-------- Provided data --------

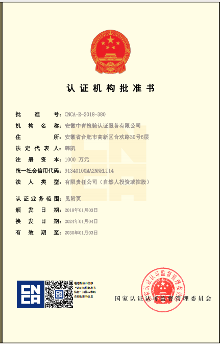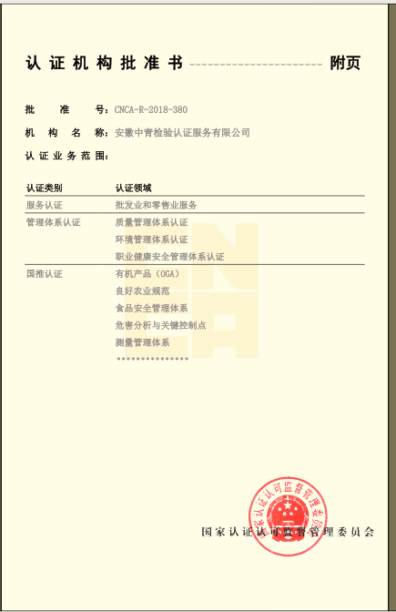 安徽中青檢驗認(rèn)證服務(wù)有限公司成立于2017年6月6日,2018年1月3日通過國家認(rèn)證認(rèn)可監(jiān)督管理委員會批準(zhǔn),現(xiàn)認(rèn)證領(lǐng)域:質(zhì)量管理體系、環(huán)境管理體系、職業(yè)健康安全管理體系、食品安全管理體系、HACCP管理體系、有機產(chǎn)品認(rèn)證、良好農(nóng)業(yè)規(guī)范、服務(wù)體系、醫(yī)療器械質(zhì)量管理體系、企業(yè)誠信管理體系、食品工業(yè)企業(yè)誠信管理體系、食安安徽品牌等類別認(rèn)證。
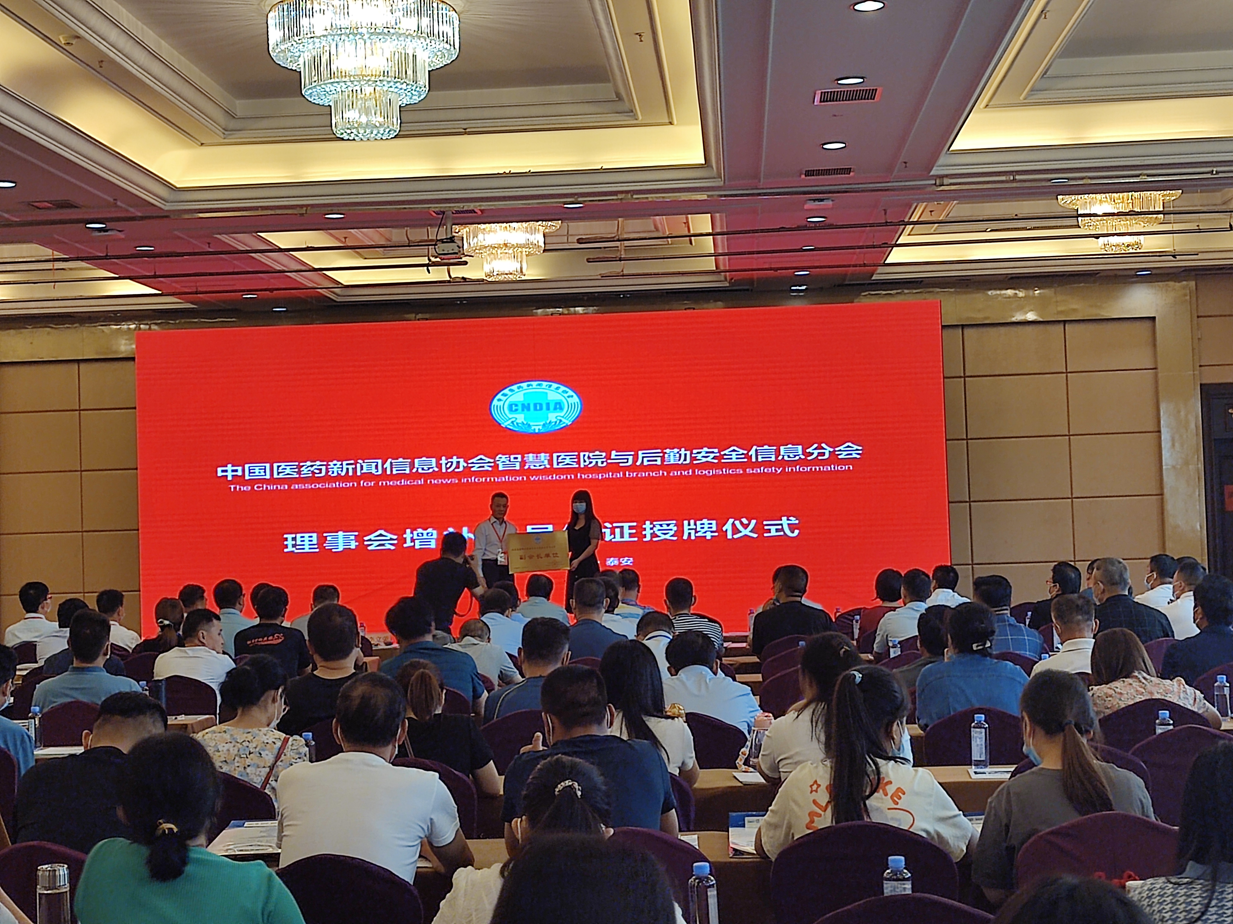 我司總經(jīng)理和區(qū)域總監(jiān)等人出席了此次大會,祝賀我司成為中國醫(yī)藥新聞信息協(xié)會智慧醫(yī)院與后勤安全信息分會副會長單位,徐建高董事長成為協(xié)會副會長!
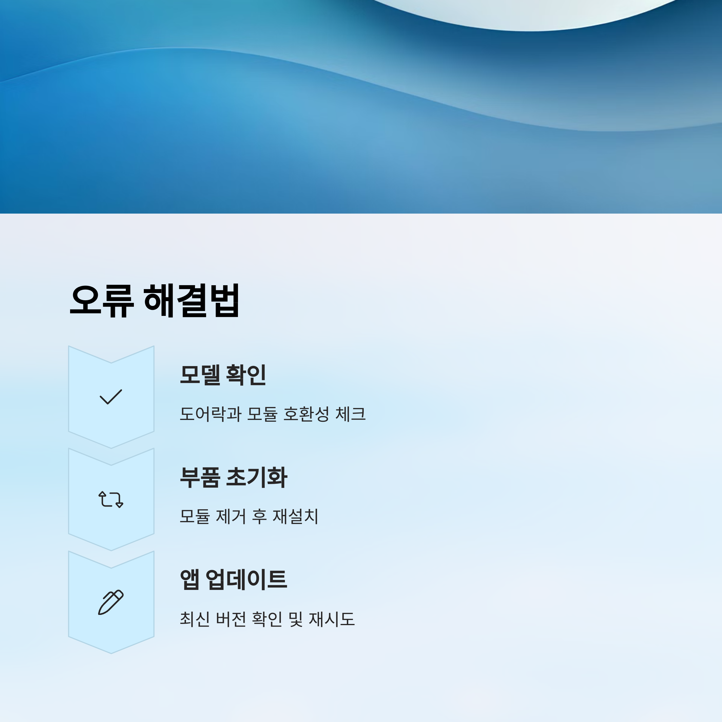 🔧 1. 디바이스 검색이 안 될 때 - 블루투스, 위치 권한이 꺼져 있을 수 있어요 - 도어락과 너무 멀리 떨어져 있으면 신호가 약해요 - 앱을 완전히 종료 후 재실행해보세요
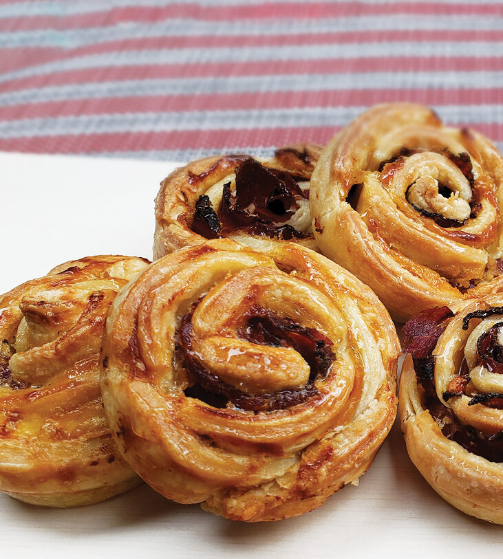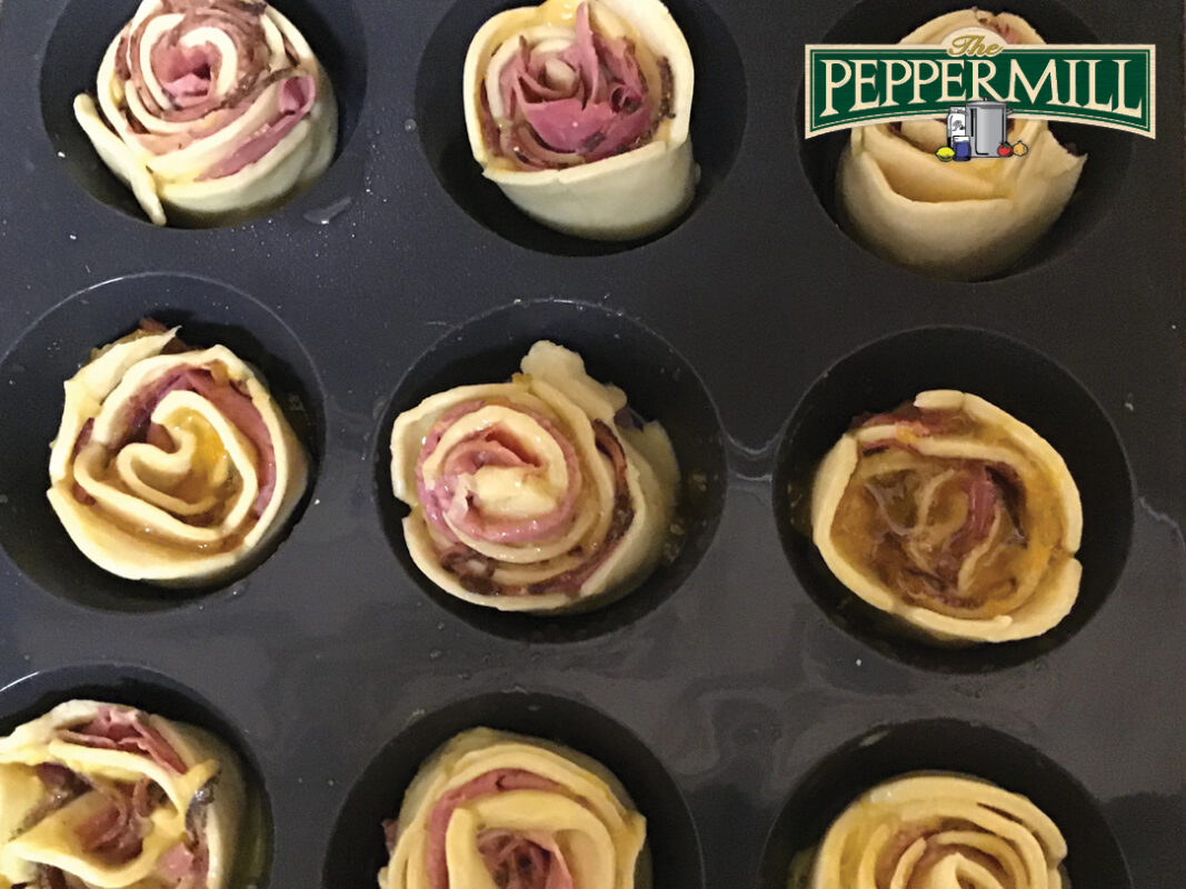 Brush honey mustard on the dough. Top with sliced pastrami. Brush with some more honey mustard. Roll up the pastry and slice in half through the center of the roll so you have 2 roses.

--------
-------- Provided data --------

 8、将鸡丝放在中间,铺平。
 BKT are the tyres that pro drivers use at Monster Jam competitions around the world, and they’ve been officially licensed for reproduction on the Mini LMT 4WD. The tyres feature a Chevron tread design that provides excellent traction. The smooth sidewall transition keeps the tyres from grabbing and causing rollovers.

--------

### Exercise
Please copy the lines above exactly, starting at the line that holds "安徽中青檢驗認(rèn)證服" and ending at the line that holds "Brush honey mustard"; include both, but no pictures.

### Answer area
 安徽中青檢驗認(rèn)證服務(wù)有限公司成立于2017年6月6日,2018年1月3日通過國家認(rèn)證認(rèn)可監(jiān)督管理委員會批準(zhǔn),現(xiàn)認(rèn)證領(lǐng)域:質(zhì)量管理體系、環(huán)境管理體系、職業(yè)健康安全管理體系、食品安全管理體系、HACCP管理體系、有機產(chǎn)品認(rèn)證、良好農(nóng)業(yè)規(guī)范、服務(wù)體系、醫(yī)療器械質(zhì)量管理體系、企業(yè)誠信管理體系、食品工業(yè)企業(yè)誠信管理體系、食安安徽品牌等類別認(rèn)證。
 我司總經(jīng)理和區(qū)域總監(jiān)等人出席了此次大會,祝賀我司成為中國醫(yī)藥新聞信息協(xié)會智慧醫(yī)院與后勤安全信息分會副會長單位,徐建高董事長成為協(xié)會副會長!
 🔧 1. 디바이스 검색이 안 될 때 - 블루투스, 위치 권한이 꺼져 있을 수 있어요 - 도어락과 너무 멀리 떨어져 있으면 신호가 약해요 - 앱을 완전히 종료 후 재실행해보세요
 Brush honey mustard on the dough. Top with sliced pastrami. Brush with some more honey mustard. Roll up the pastry and slice in half through the center of the roll so you have 2 roses.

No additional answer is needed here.